文/劉煥明
時近年關的市場上,“市場糖”越來越多——無論棒棒糖里包裹著泡泡糖,還是巧克力外涂上抹茶粉,它們千方百計強調自己有別于其他糖,雖有絢爛而引人注目的糖紙和咬下去香酥可口的果仁,偏偏離糖本身越來越遠。
近年很多電影也是如此。
而和這些充斥著一層又一層娛樂、商業、情色的商業化電影相比,文藝電影《白兔糖》就如一枚憨憨木木的大白兔奶糖,給人那種一直想要的,放到嘴里便彌漫開來的唇齒留香的滿足感。

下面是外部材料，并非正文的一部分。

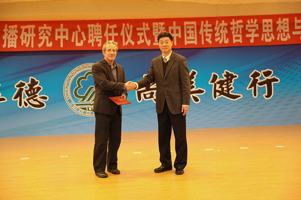 12月8日,公司365英国上市公司、翻译与文化传播研究中心在图书馆五楼报告厅举行聘任仪式暨中国传统哲学思想与翻译论坛。国际知名汉学家森舸澜教授(Prof. Edward Gilman Slingerland)做客翻译论坛。董事长林群出席了论坛并向森舸澜先生颁发了客座教授聘书。
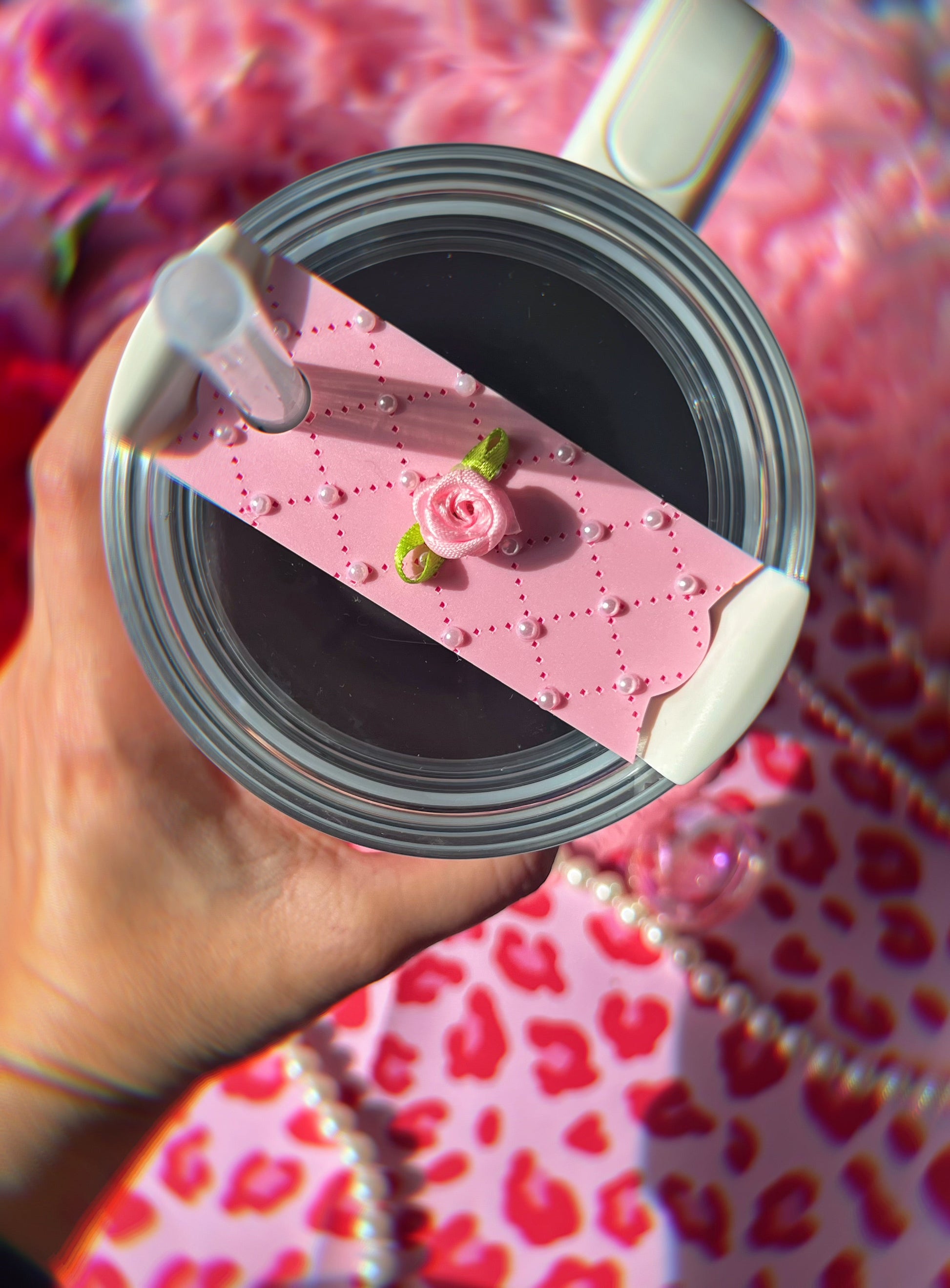 This listing is for ONE Coquette Quilted Pastel Pink Pearl H2.0 Cup Topper 40oz | 30oz | 20 oz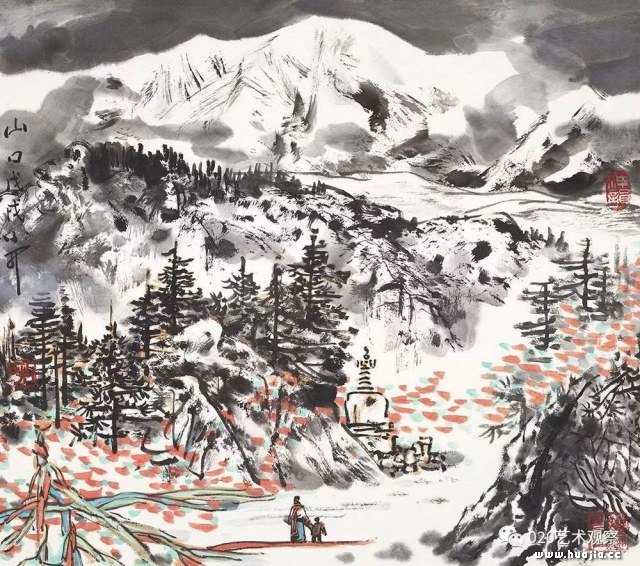路/46×52cm 笔墨之中要:有魂魄、有情感、有精神 “水墨”是李小可艺术创作的主要语言方式,从“北京系列”起步发展到“水墨家园”再到“雪域藏迹”“山水黄山”系列,他不断地找寻着语言与笔墨之间的契合点,逐渐形成了自己独特的艺术表达风格。李可染的山水画着重表现秀丽深邃、情致浓郁的江南水乡,李小可没有因循父亲的路子,而是另辟蹊径,选择了特殊的藏地题材。西藏特殊的自然、文化、意境以及特殊的精神性深深地触动了他,他说:“要表现西藏的特殊性,把自己内心的感觉画出来,是没有先例借鉴的,所以需要深入体验,要走在其中,从雪山显露出来的瑰丽和雄浑中感受它内在的‘魂’ 。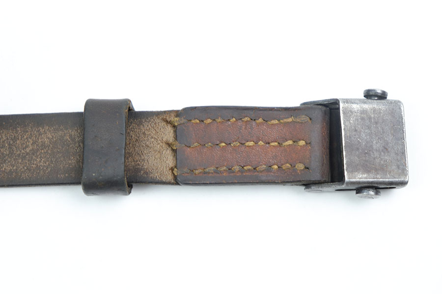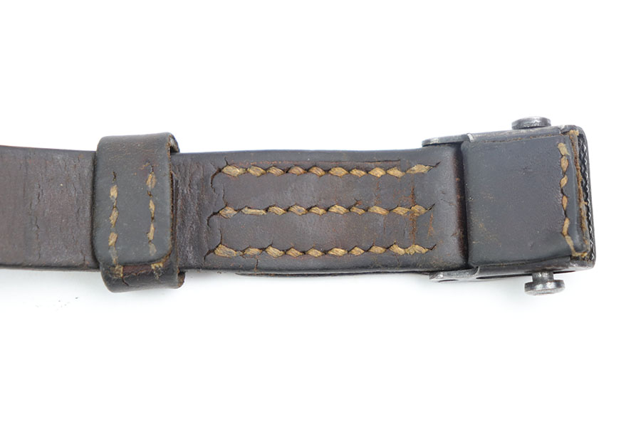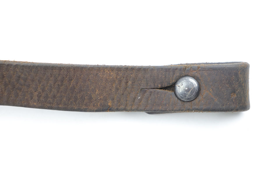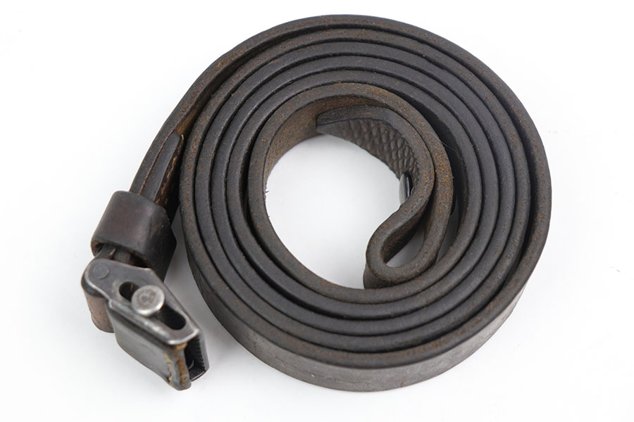 12/16/20 – This is a leather K98 or similar 8mm Mauser Rifle sling. There are no markings or stamps, but the leather and style both indicate WW2 production. There is some light surface wear in various areas, but generally this sling is in great condition. Shows normal signs of aging and use.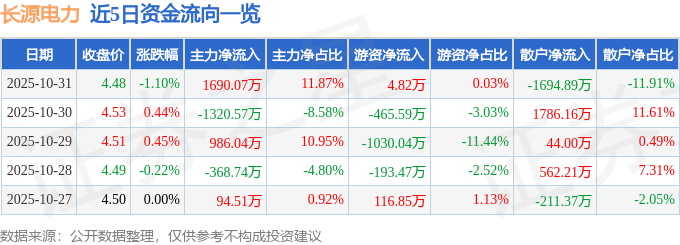 证券之星消息,截至2025年10月31日收盘,长源电力(000966)报收于4.48元,下跌1.1%,换手率0.97%,成交量31.79万手,成交额1.42亿元。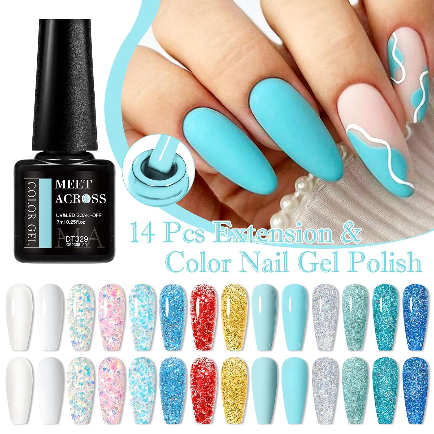 MEET ACROSS 8 Colors Poly Gel Nail Kit 6 Colors Gel Nail Polish Kit with Slip Solution All In One Nail Art Starter Kit Suitable For All Seasons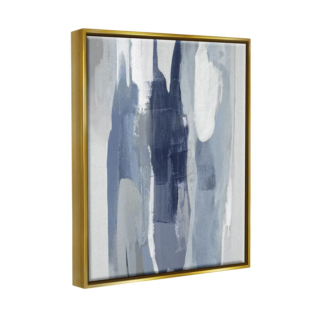 Stupell Layers Of Blue And White Abstract Movements Floater Frame - 16 X 20 - Gold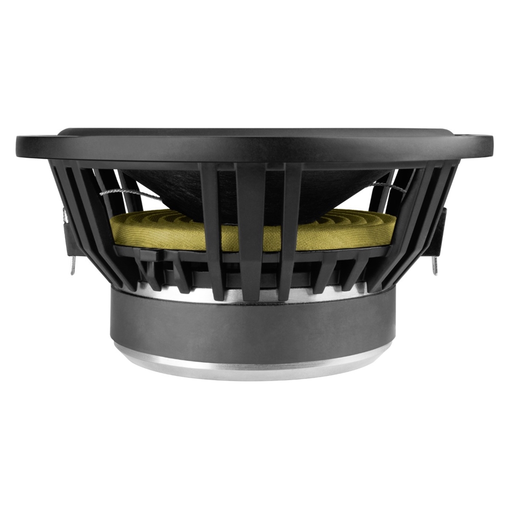 High-end 165 mm (6.5 inch) woofer/midrange with carbon fleece sandwich cone, anodized aluminum dustcap for optimized heat dissipation and symmetrical stranding guidance with voice coil ventilation. Extremely torsion-resistant die-cast aluminum basket with optimized ventilation and strong ferrite magnet, 4 ohms impedance, 90 W RMS rated power handling, 140 W music power handling, 87 dB characteristic sound pressure, Made in Germany manufacturing and development.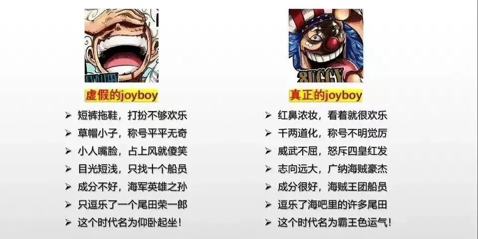 在读者们的争议拉锯中,同样存在反对之声,认为名称改动不至于影响漫画基调。其实《海贼王》的核心悬念始终是作品名“one piece”,如果将路飞的身份与结局绑定,例如“只有Joy Boy才能取得one piece,所以上任海贼王罗杰找到大秘宝也只能大笑而归”,整部作品就显得格外讽刺,但这毕竟是尚未发生的情节。如果只将“尼卡形态”理解为一次普通的“开挂”,就没到伤及作品内核的程度。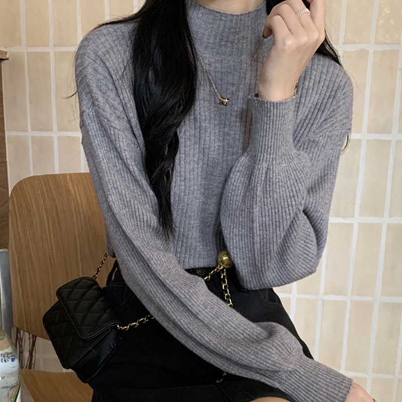 半高襟ニットセーター女性2023秋冬新韓国版修身が痩せているシャツに合わせてファッション上着を着ている女性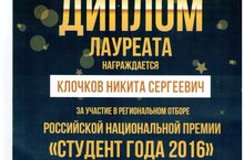 Студента АПК Клочкова Н. С. наградили дипломом лауреата в Российской национальной премии "Студент года-2016" в молодежном центре "Ак Барс" г.Казань.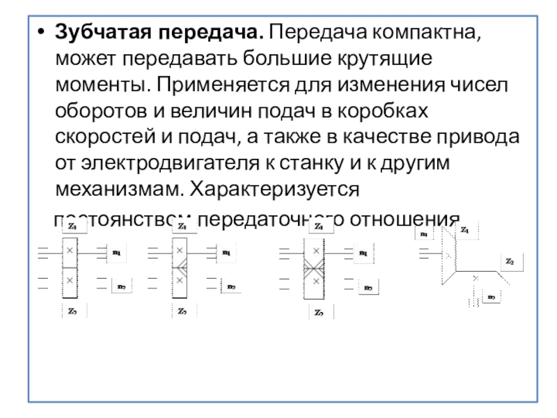 Слайд 19Зубчатая передача. Передача компактна, может передавать большие крутящие моменты. Применяется для изменения

雖然《白兔糖》的故事情節看起來毫無任何驚艷之處,甚至在兩個孩子走失時也沒用灰暗的畫面與不安的鏡頭,但影片在細節處的精雕細琢卻讓人無限回味:給大吉做飯團的凜小大人般看著大吉吃飯團的樣子;大吉為驅散凜對夜的害怕而精心布置了夜光星星和彩兔燈;崇拜大吉的幸樹把小小的腳放進大吉大大的皮鞋里,這些含蓄而可愛的表達、清澈而隨意的描摹,勾畫出影片中人物清新且明凈的生活,而他們之間純善的付出和成全,也讓熒幕前的我們領悟到這世界因為純良才會美好。
可以說《白兔糖》電影與一顆用簡單糖紙包裹濃郁香氣的大白兔奶糖帶給人的溫暖是靈犀相通的,它們讓平日里的瑣碎倏地充滿細膩的香甜,它們讓我們看到相較于工作、金錢、權利、地位,我們更應該認真對待的,是人與人之間的熱血感情。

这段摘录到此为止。